■ **Required action**:
Retype the listing below exactly, pictures removed.

■ **Supplied material**:
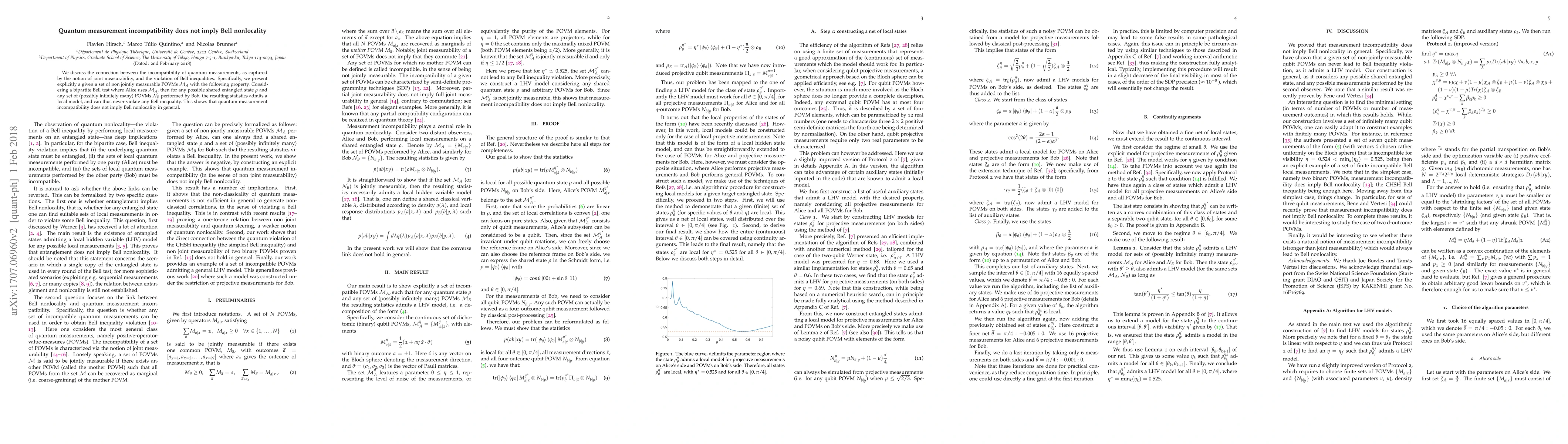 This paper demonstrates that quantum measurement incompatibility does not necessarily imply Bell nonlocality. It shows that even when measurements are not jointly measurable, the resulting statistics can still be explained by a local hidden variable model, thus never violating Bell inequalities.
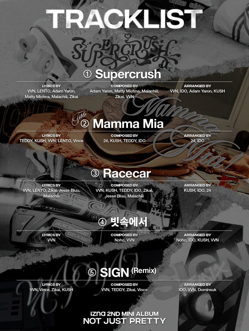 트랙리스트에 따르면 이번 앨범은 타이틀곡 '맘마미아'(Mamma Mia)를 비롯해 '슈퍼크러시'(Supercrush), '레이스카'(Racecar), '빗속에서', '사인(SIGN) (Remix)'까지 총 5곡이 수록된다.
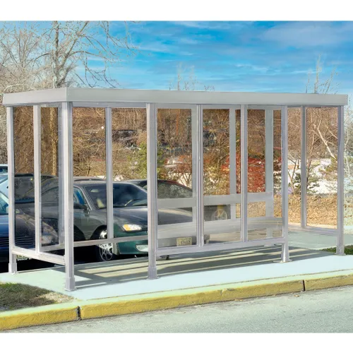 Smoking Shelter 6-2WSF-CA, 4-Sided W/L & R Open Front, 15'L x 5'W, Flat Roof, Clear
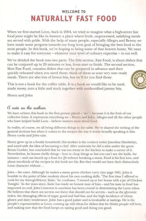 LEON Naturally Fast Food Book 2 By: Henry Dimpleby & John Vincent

■ **Your response**:
 This paper demonstrates that quantum measurement incompatibility does not necessarily imply Bell nonlocality. It shows that even when measurements are not jointly measurable, the resulting statistics can still be explained by a local hidden variable model, thus never violating Bell inequalities.
 트랙리스트에 따르면 이번 앨범은 타이틀곡 '맘마미아'(Mamma Mia)를 비롯해 '슈퍼크러시'(Supercrush), '레이스카'(Racecar), '빗속에서', '사인(SIGN) (Remix)'까지 총 5곡이 수록된다.
 Smoking Shelter 6-2WSF-CA, 4-Sided W/L & R Open Front, 15'L x 5'W, Flat Roof, Clear
 LEON Naturally Fast Food Book 2 By: Henry Dimpleby & John Vincent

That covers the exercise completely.